Когда он вошел в столовую, Лобов сидел за крайним столом и уплетал макароны с котлетой.
«Мухин, – махнул он рукой, – Садись ко мне. Разговор есть».
Витя, пожелав ему приятного аппетита, присоединился.
«Люблю котлеты, – поделился старший лейтенант, – Добавку ем. И еще возьму. Рекомендую».
Новичок вежливо поблагодарил и последовал совету: заказал официанту две котлеты с пюре.
«Есть мнение поручить тебе одно поручение, ты же у нас все же, как никак, поручик», – старший лейтенант весело подмигнул левым глазом.

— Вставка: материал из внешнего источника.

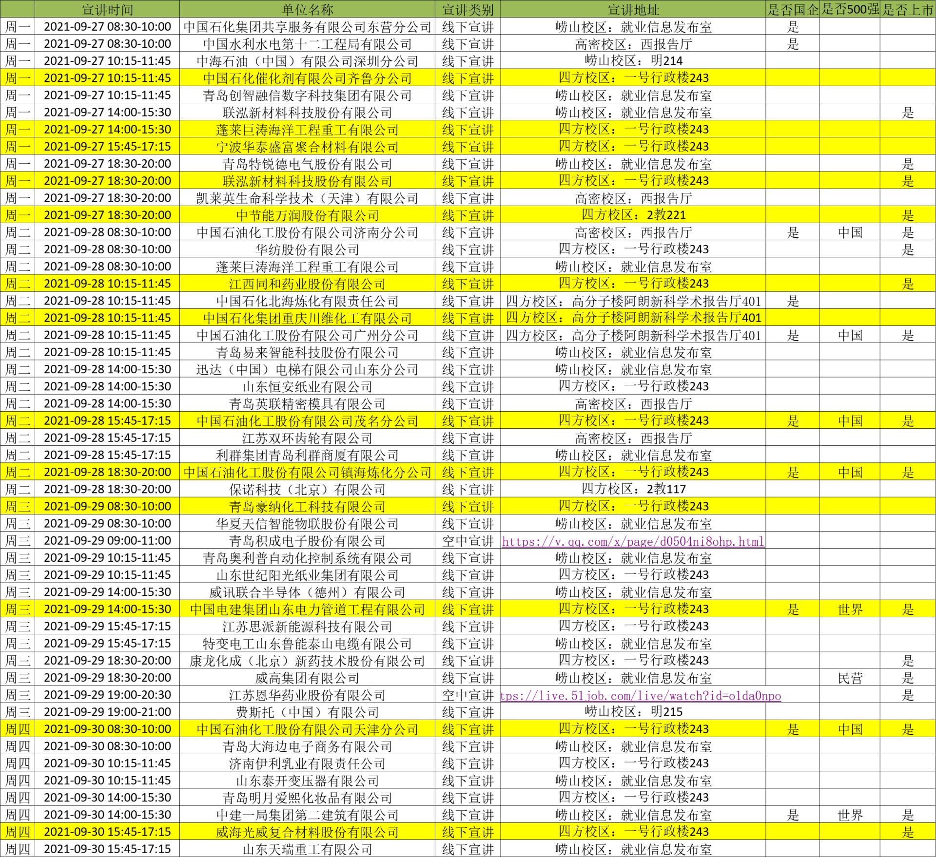 2021-2022学年第一学期第4周,进入公司进行校园宣讲招聘的企业名单如下,其中包含高分子材料专业相关(标底色)及不限专业的企业需求,请毕业生同学根据个人实际情况,按时参加企业宣讲会。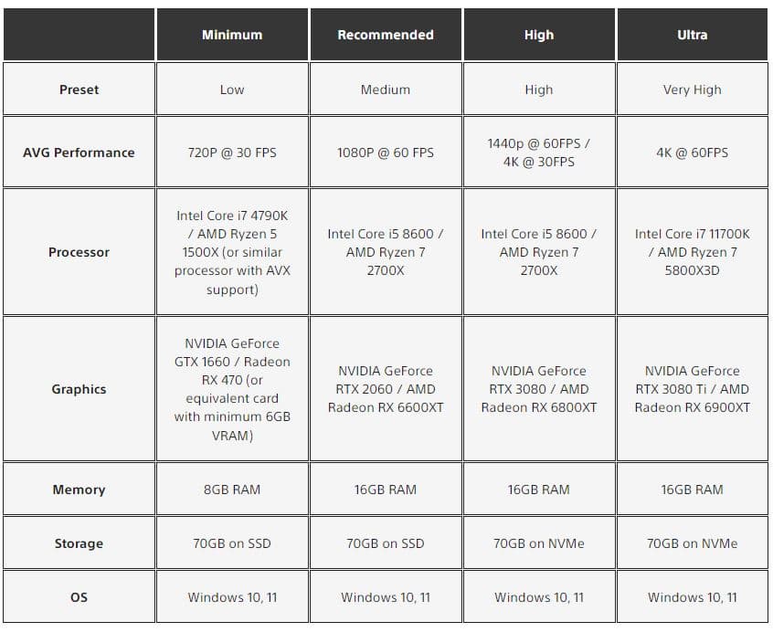 Для тех, кто хочет поиграть просто ради сюжета, а не широких диагоналей и четких текстур, хватит i7 4790k и GTX 1660.

«Если быть точным, то подпоручик, Поручик – это вы», – уточнил молодой офицер.
«Значит, будет тебе подпоручение, – усмехнулся спецназовец, – Будешь сопровождать рядовой состав срочной службы в деревню, в увольнительную, по воскресеньям. Обеспечишь, так сказать, культурно-массовое мероприятие командирским присутствием. За ними приглядишь. Сам кино посмотришь. С девочками познакомишься. Развлечешься. Там, глядишь, и присмотришь себе кого… – подмигнул правым глазом, – Парень ты молодой, здоровый, холостой. По вечерам-то, поди, хочется, и по утрам стоит? – подмигнул двумя глазами, – Согласен?»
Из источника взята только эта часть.